Impact tests are designed to measure the resistance to failure of a material to a suddenly
applied force such as collision, falling object or instantaneous blow. The test measures the
impact energy, or the energy absorbed prior to fracture.

The Izod test is most commonly used to evaluate the relative toughness or impact toughness
of materials and as such is often used in quality control applications where it is a fast and
economical test.

Izod test specimens vary depending on what material is being tested. Metallic samples tend to
be square in cross section, while polymeric test specimens are often rectangular, being struck
parallel to the long axis of the rectangle.

Factors that affect the Izod impact energy of a specimen will include:

Yield strength and ductility : For a given material the impact energy will be seen to
decrease if the yield strength is increased, i.e. if the material undergoes some process that
makes it more brittle and less able to undergo plastic deformation.

Notches :

The notch serves as a stress concentration zone and some materials are more sensitive
towards notches than others. The notch depth and tip radius are therefore very important

Temperature and strain rate :

Most of the impact energy is absorbed by means of plastic deformation during the yielding of
the specimen. Therefore, factors that affect the yield behaviour and hence ductility of the
material such as temperature and strain rate will affect the impact energy




Fracture mechanism :
Metals tend to fail by one of two mechanisms, microvoid coalescence or cleavage


Application :
Polymeric materials that are sensitive to the stress concentrations at the notch ('notch-
sensitive') will perform poorly in the notched izod test. Engineers use this knowledge to
avoid using such polymers in designs with high stress concentrations such as sharp
corners or cutouts.
By measuring the impact value at different temperatures, on can plot the behavior of
materials with change in temperature. One can measure the ductile to brittle transition
temperature, important for low temperature applications.
The Izod test is used to test materials at low temperature to try to simulate conditions
that may occur in the actual use of the material.

Theoretical background :
In the Izod impact test, the test piece is a cantilever, clamped upright in an anvil, with a V-
notch at the level of the top of the clamp.
The test piece is hit by a striker carried on a pendulum which is allowed to fall freely
from a fixed height, to give a blow of 120 ft lb energy.
After fracturing the test piece, the height to which the pendulum rises is recorded by a slave
friction pointer mounted on the dial, from which the absorbed energy amount is read.

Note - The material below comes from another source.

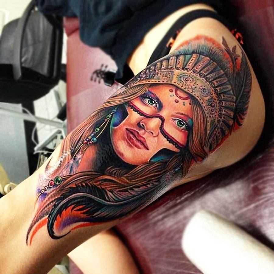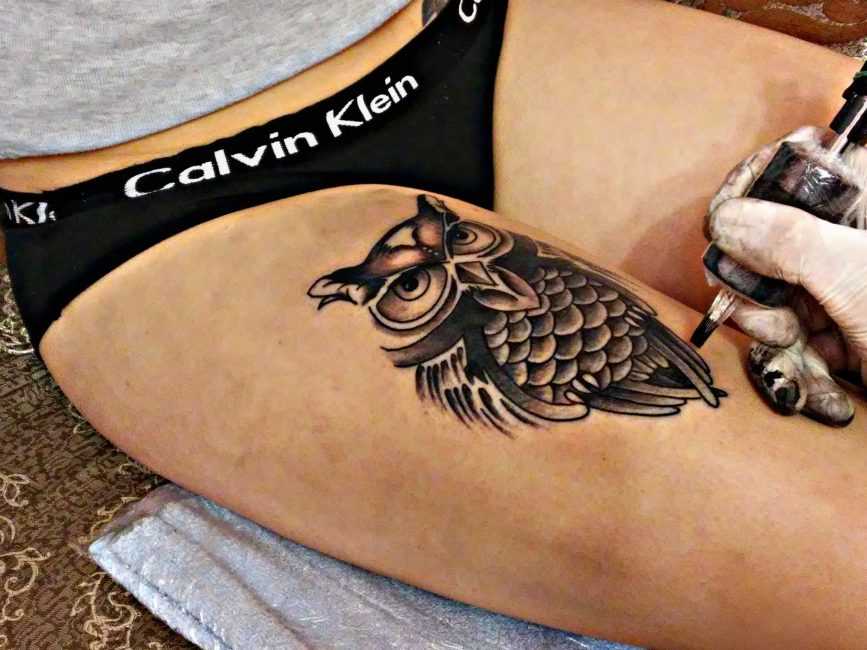 Татуировки на бедрах довольно популярны в 2018 году. Все больше девушек выбирают это место для изображения. Ляжку всегда можно погладить, рисунком полюбоваться и сделать прекрасные снимки. Чаще всего на этом теле изображают цветы или животных.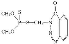 释义 | 保棉磷 又称Guthion、Bay17147、谷硫磷。 广谱性高毒杀虫杀螨剂,化学名称:O,O-二甲基-S-(4-氧代-3,4-二氢化-1,2,3-苯并三氮苯-3-甲基)二硫代磷酸酯。化学结构式如左。 纯品为无色晶体,熔点72.4℃,20℃时蒸气压1.8×106mPa。不溶于水,易溶于正己烷、二氯甲烷及2丙烷。 大鼠口服LD50为15~25mg/kg;大鼠涂皮LD50为200mg/kg。具有较强的触杀及胃毒作用。 |

Procedure : A test specimen, usually of square crossed section is notched and held
between a pair of jaws, to be broken by a swinging or falling weight.
When the pendulum of the Izod testing machine is released it swings with a
downward movement and when it reaches the vertical the hammer makes contact with
the specimen which is broken by the force of the blow.
The hammer continues its upward motion but the energy absorbed in breaking the test
piece reduces its momentum.
A graduated scale enables a reading to be taken of the energy used to fracture the test
piece.
To obtain a representative result the average of three tests is used and to ensure that
the results conform to those of the steel specification the test specimens should meet
the standard dimensions


Experimental data :

Sl. No. Frictional loss (J) Izod impact value(J)
1 0 72

Result : Izod Impact value for specimen is 72 J.


Discussion :


Here we find the impact value of given specimen but what is the use of it? Yes it is important
when we use a material at impact loading like bridges so that we check whether it take this
amount of loading suddenly or not. And one more thing that, what is the difference between
Charpy and Izod test? The difference in orientation of specimen so we check accordingly
which type of loading applied so it withstand without fracture.